На Афон - Борис Константинович Зайцев
Шрифт:
Интервал:
Закладка:
Вот, наконец, вожделенная Каруля. У о. Феодосия келлия под его собственной церковкой, построенной ему еще до войны одним благодетелем. Есть, впрочем, и «гостиница» – крохотный домик, сложенный им из камня в три «номера» – кабинки. Нельзя без нее – много приходит иноков за советом, или просто на богослужение в церковь.
Приветливо встречает нас о. Феодосий, неторопливо истово благословляет. Лицо серьезно, задумчиво, но глазами улыбается старец. И чувствуешь, что он уже тебя любит. Сердце радостно сжимается. Хочется по-детски приласкаться, свою любовь как-то показать.
Далеких гостей первым делом, по афонскому обычаю, накормить надо. Тут уж мы оказались «прозорливцами» – кроме сухариков ничего путного у старца в запасе не оказалось, если не считать небольшого количества сухих полузаплесневевших смокв.
Разгрузили мы свои мешки, о. Харалампий начал варить обед, а старец на короткое время скрылся и вскоре принес пустынной капустки, кисленькой травки, растущей на скалах карульских. Вкуса в ней было однако немного, и рисовый суп без нее был бы, пожалуй, даже вкуснее. Но ведь это было единственное собственное угощение старца. Открыли мы и рыбные консервы, но о. Феодосий к ним не прикоснулся, ссылаясь на Петровский пост. Нам же, как в пути сущим, благословил добродушно.
После обеда и небольшого отдыха деликатный о. Харалампий распрощался с нами и ушел в лежащий неподалеку св. Георгиевский скит на Кирашах у подножия «шпиля». Там он обещал ожидать меня до пяти дней.
И мы остались с о. Феодосием. Рассказал я старцу всю свою жизнь. Он молча слушал мое длинное повествование. Изредка поднимал на меня свой лучистый взор и ласково и любовно обнимал им меня.
Незаметно подошла ночь. Старец прервал беседу и предложил совершить вечернее правило. Пропели вечерню, повечерие с трехканоником и акафистом. А тут полночь как раз. Как не прочитать полунощницу с ее чудным тропарем: «се жених грядет в полунощи и блажен раб, его же обрящет бдяща».
После полунощницы старец отвел меня с свою келлию отдохнуть, обещая разбудить к утрене.
Но разбудил только к Литургии, которую мы начали в шестом часу утра.
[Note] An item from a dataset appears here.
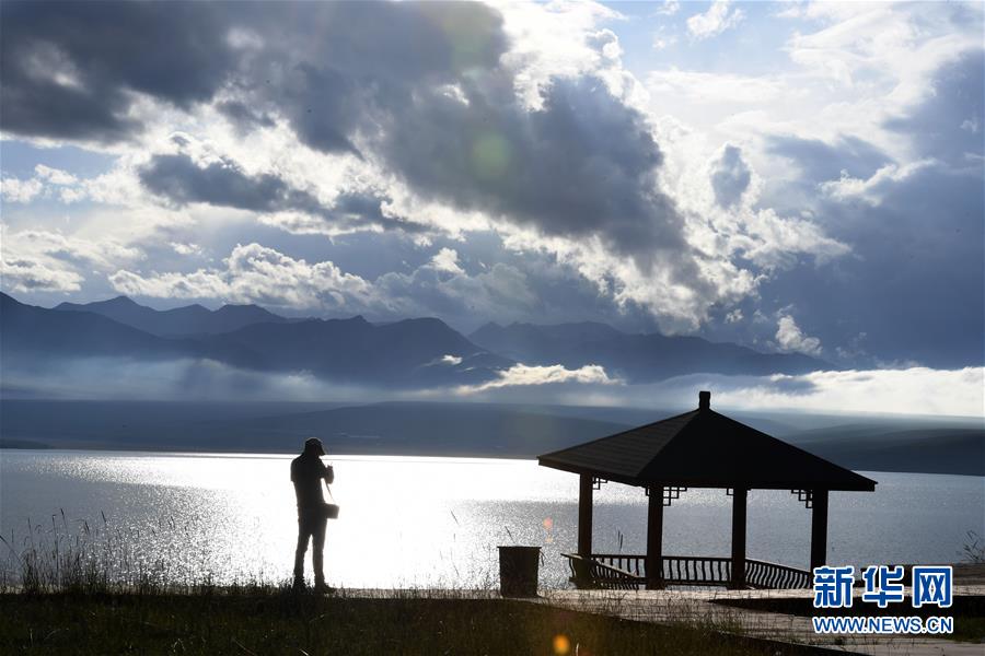 9月10日,游客在山丹马场鸾鸟湖畔赏景拍照。新华社记者 马宁 摄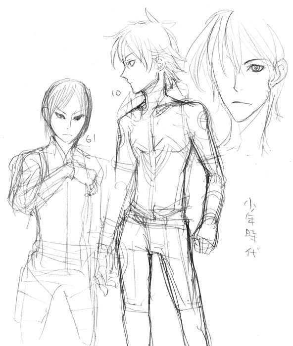 このくらいの年齢での体型を描いてみたかっただけなんだけど。そこまでごつくもなく…という微妙なお年頃の。この後市丸はどんどんでかくなるわけですが。

Пока я спал о. Феодосий отпел утреню. Сколько же отдыхал старец, судите сами.
После Литургии мы продолжили вчерашнюю беседу. Начал я просить о. Феодосия постричь меня.
Улыбнулся старец, сказал:
– Давно я уже никого не постригал. У меня правило, кого постригу – тот должен, как чадо мое духовное, остаться при мне, ибо я взял пред Богом ответственность за его душу. Было несколько таких усердствующих, да вот, должно быть по сварливости характера моего, никто не удержался…
– Действительно, – рассказывал мне после один из карульцев схимонах Антоний, – многие из нас хотели стать учениками батюшки. И ревнители были великие, но никто больше года у него не выдерживал. За ним не угонишься.
От о. Антония я узнал о великих подвижнических трудах о. Феодосия, о каковых я упоминал выше.
По молодости заупрямился я, прося сделать для меня исключение.
Три дня препирались мы со старцем. Попутно и о многом другом беседовали. Не забуду четкой характеристики старцем восточного и западного монашества.
Обложка брошюры, составленной при участии старца Феодосия Карульского и изданной Ладомировской типографией в 1934 году.
– Восточный православный монах, спасая себя – спасает других, – говорил о. Феодосий. – А римокатолический монах начинает свой подвиг заботой о спасении других, чем надеется заслужить спасение и себе. Уподобляется евангельскому слепцу, который взялся вести другого слепца, и оба упали в яму (Мф. 15, 14). Нет, надо сначала, как учил пр. Серафим, стяжать внутренний мир и тогда тысячи около тебя спасутся. Из грязного колодца не напоишь жаждущего. Надо его сначала очистить…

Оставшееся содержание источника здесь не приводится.